→ **The task**
Since the listing below shows pictures, leave them out and write out exactly the lines from the line with "Dédiée aux collectivités, l’appli" to the line with "Tração 4x4, pneus", both included, and no others.

→ **Material for this task**
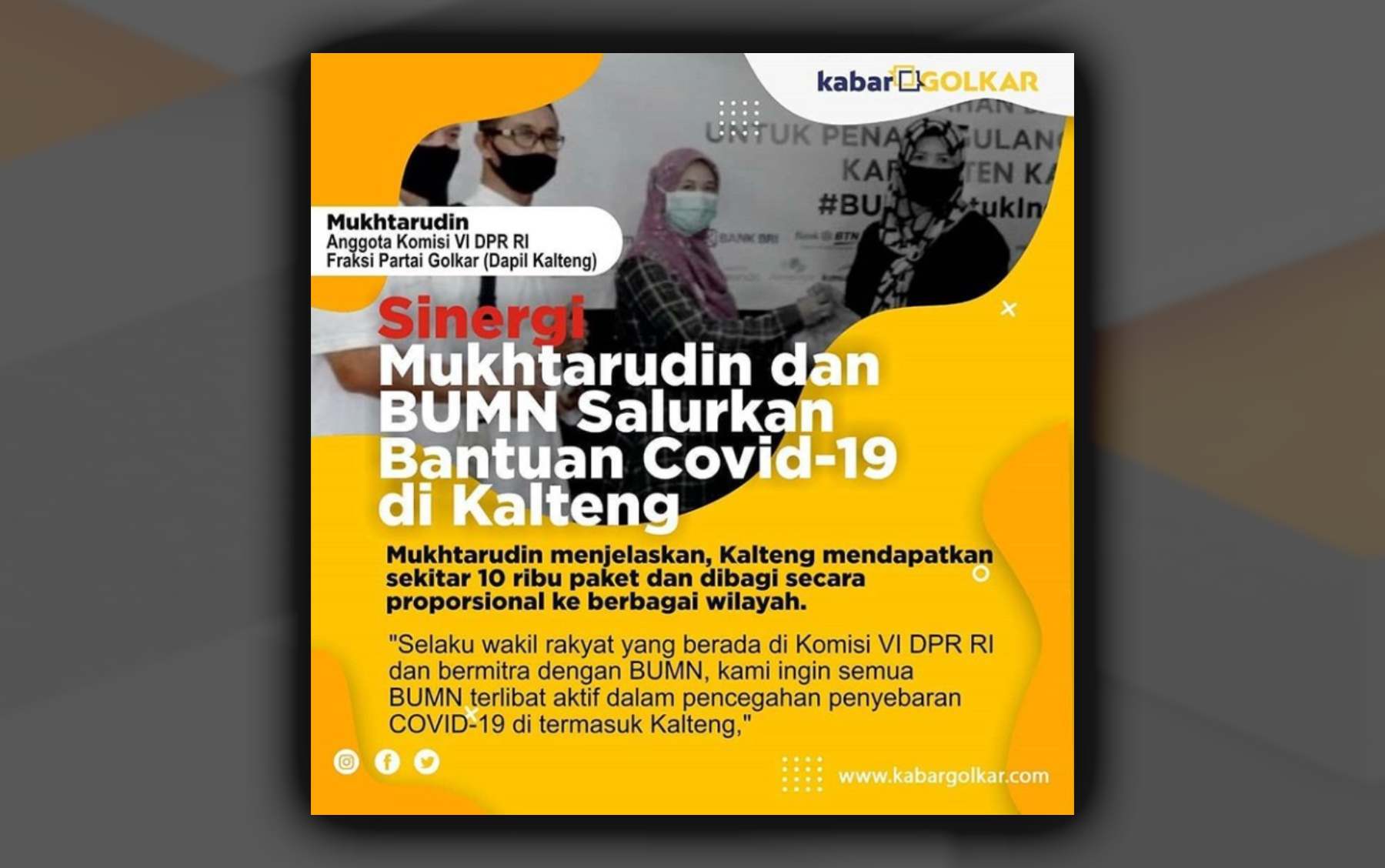 Sementara itu, Anggota DPR RI, Mukhtarudin menjelaskan, Kalteng mendapatkan sekitar 10 ribu paket dan dibagi secara proporsional ke berbagai wilayah. “Selaku wakil rakyat yang berada di Komisi VI DPR RI dan bermitra dengan BUMN, kami ingin semua BUMN terlibat aktif dalam pencegahan penyebaran COVID-19 di Indonesia, termasuk Kalteng,” katanya.
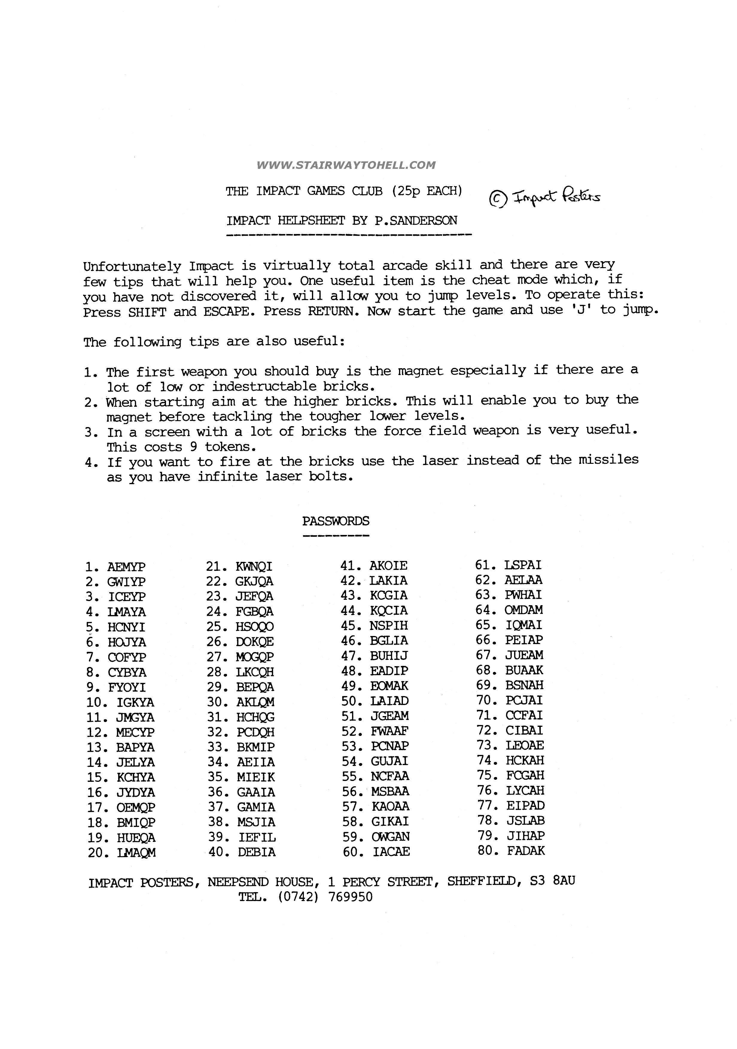 Hintsheet, Impact Posters
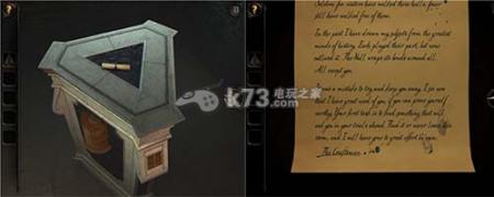 这间房里放了很多书和电闸,四处看看,桌子上有一封信,打开。
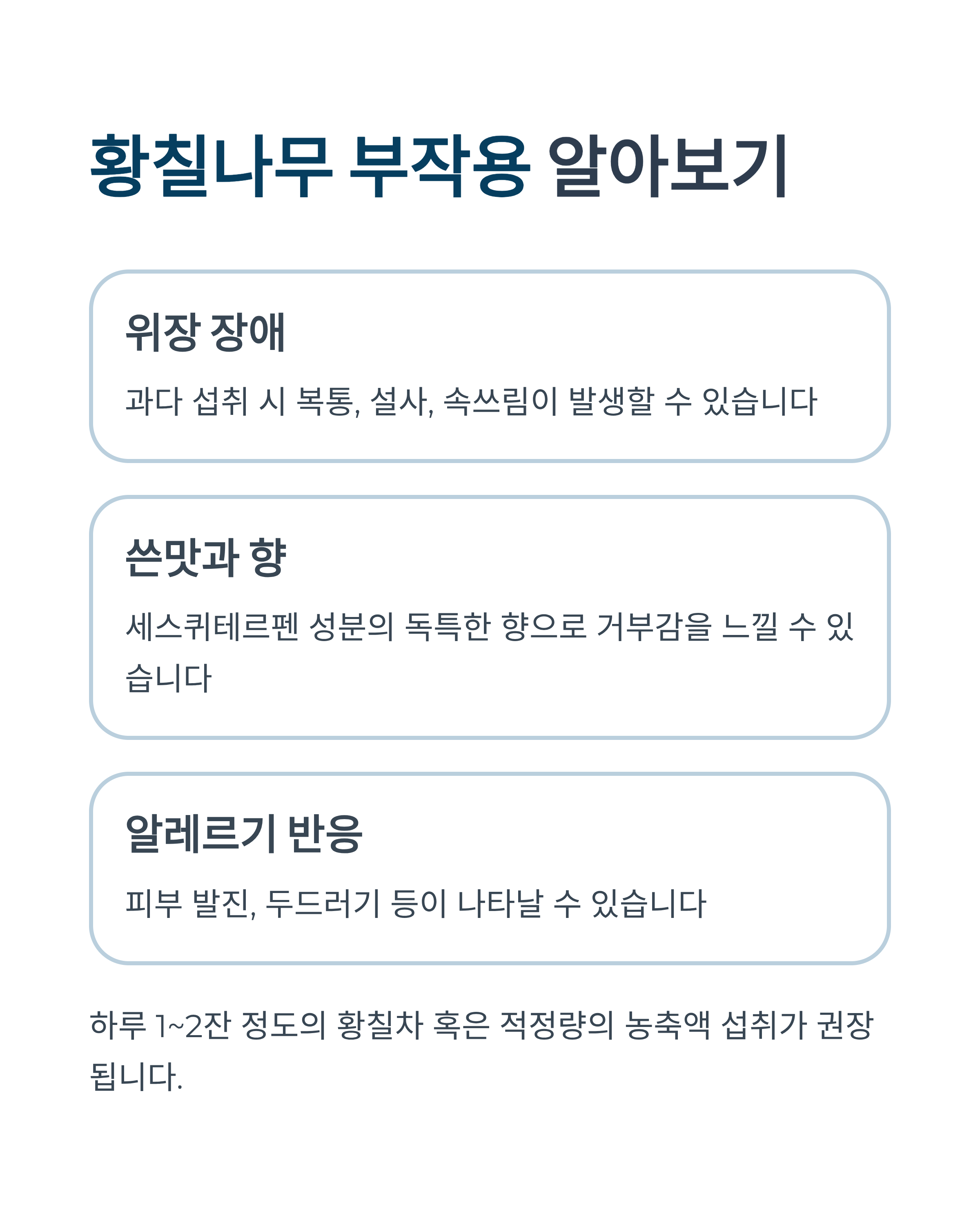 - 위장 장애: 과다 섭취 시 복통, 설사, 속쓰림 유발
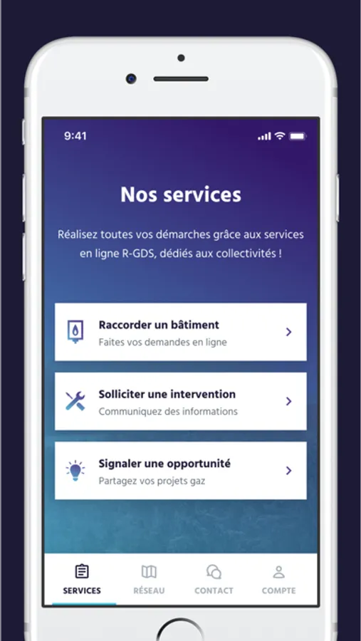 Dédiée aux collectivités, l’appli R-GDS vous propose des services en ligne adaptés à vos besoins. Raccorder un bâtiment, signaler une opportunité ou encore solliciter une intervention sur votre commune, n’attendez plus pour nous transmettre toutes vos demandes !
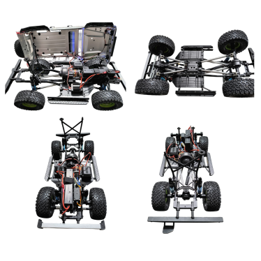Tração 4x4, pneus especiais, sistema de luzes incluso. Fácil de pilotar, passa por pedras e terrenos acidentados com facilidade.
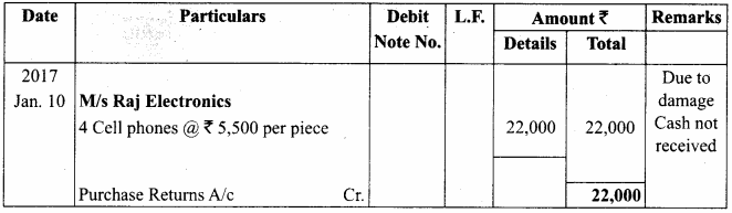 Jan. 10 Returned to M/s. Raj Electronics 4 cell phones damaged and cash not received
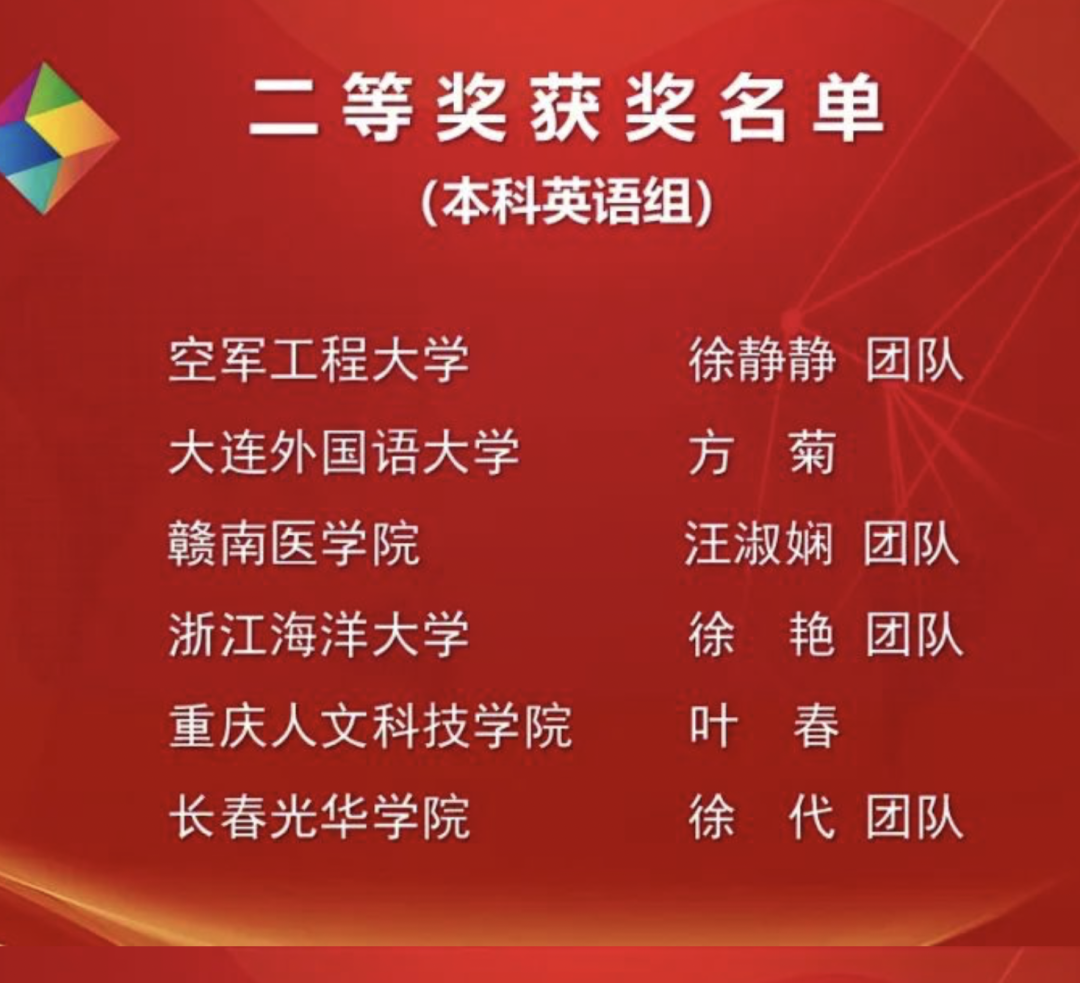 教师方菊获得本科英语组二等奖。
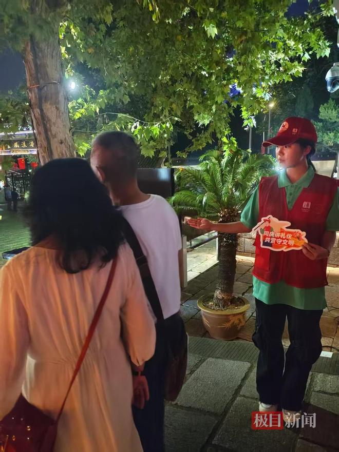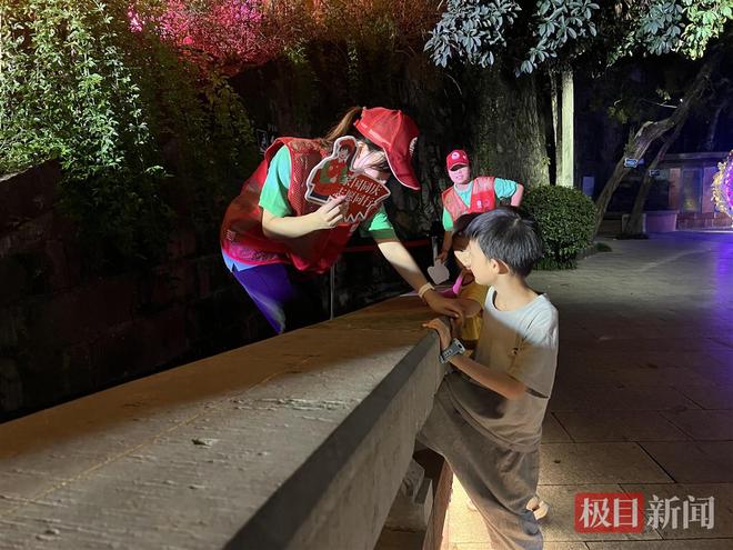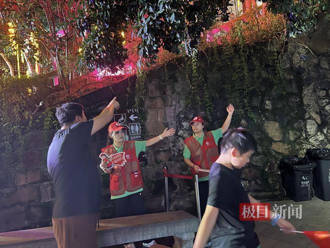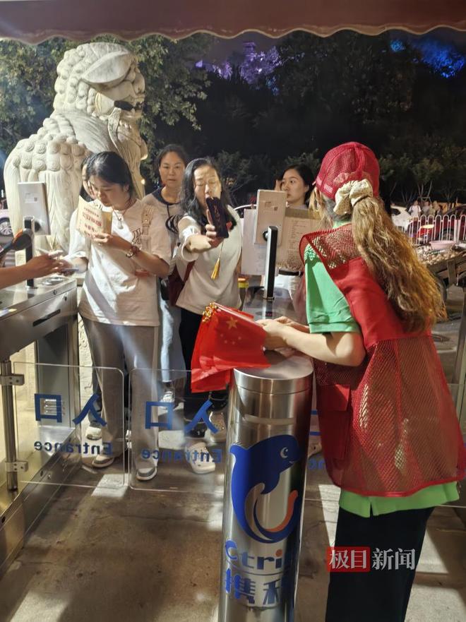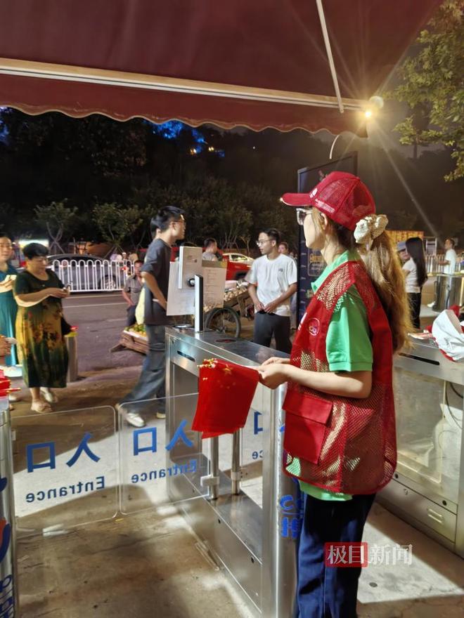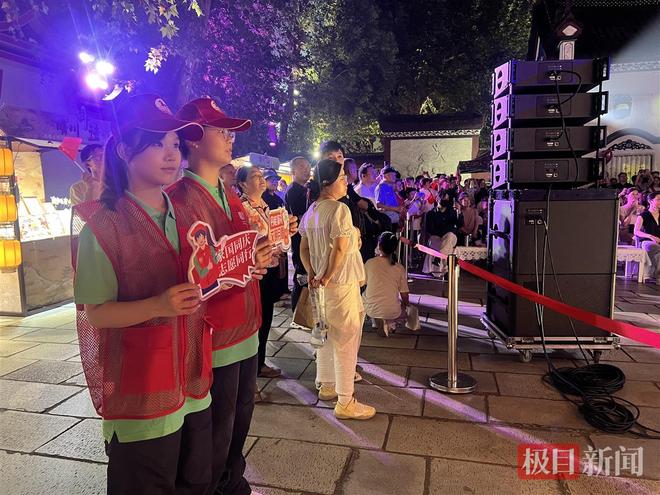 随着傍晚7点30分诗会临近开场,游客市民陆续入场,志愿者们立刻忙碌起来:有的站在入口处引导有序检票,有的穿梭在观众席间耐心解答询问,有的提醒小朋友不要攀爬,以免摔伤。遇到外地游客,她们还主动推荐武汉的特色玩法。
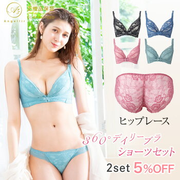 Angellir 360°デイリーブラ&ヒップレースショーツセット 2セット ノンワイヤー ダブルフロントホック 脇スッキリ 背中 脇肉 ブラジャー ナイトブラ ルームブラ
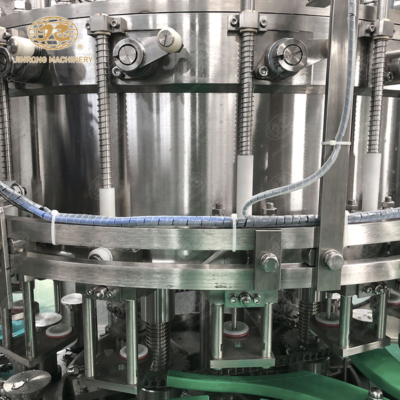 接下來是灌裝工序。在這個過程中,清洗干凈的玻璃瓶會被自動輸送到玻璃瓶碳酸飲料灌裝機。碳酸飲料灌裝設備使用壓力控制系統,將預先調配好的碳酸飲料從儲罐中注入到玻璃瓶中。這個過程需要精確控制,以確保每個瓶子都能被正確地填滿,不會出現溢出或不足的情況。
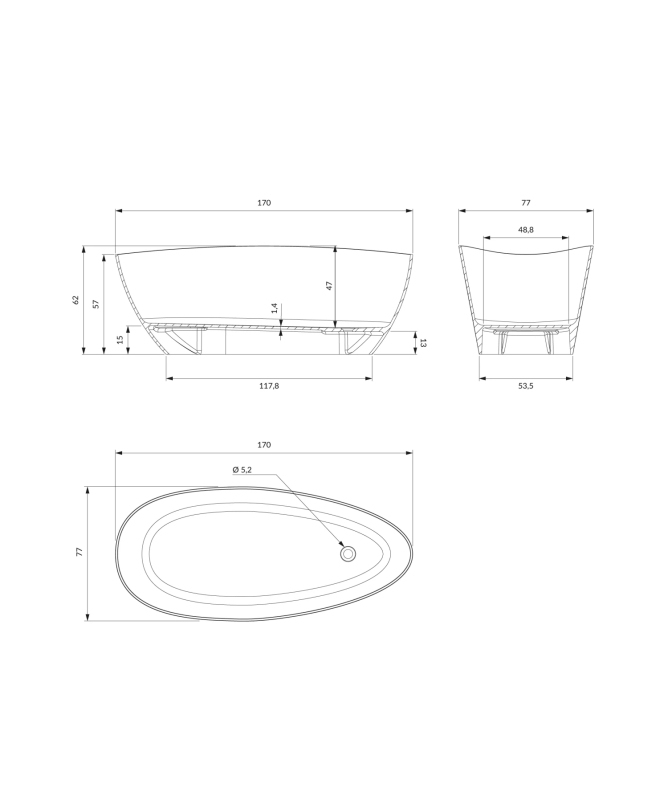 Omnires BARCELONA M+ voľne stojaca vaňa, 170 x 77 cm, biely/čierny lesk BARCELONAXLBCP

→ **Answer to this problem**
 Dédiée aux collectivités, l’appli R-GDS vous propose des services en ligne adaptés à vos besoins. Raccorder un bâtiment, signaler une opportunité ou encore solliciter une intervention sur votre commune, n’attendez plus pour nous transmettre toutes vos demandes !
Tração 4x4, pneus especiais, sistema de luzes incluso. Fácil de pilotar, passa por pedras e terrenos acidentados com facilidade.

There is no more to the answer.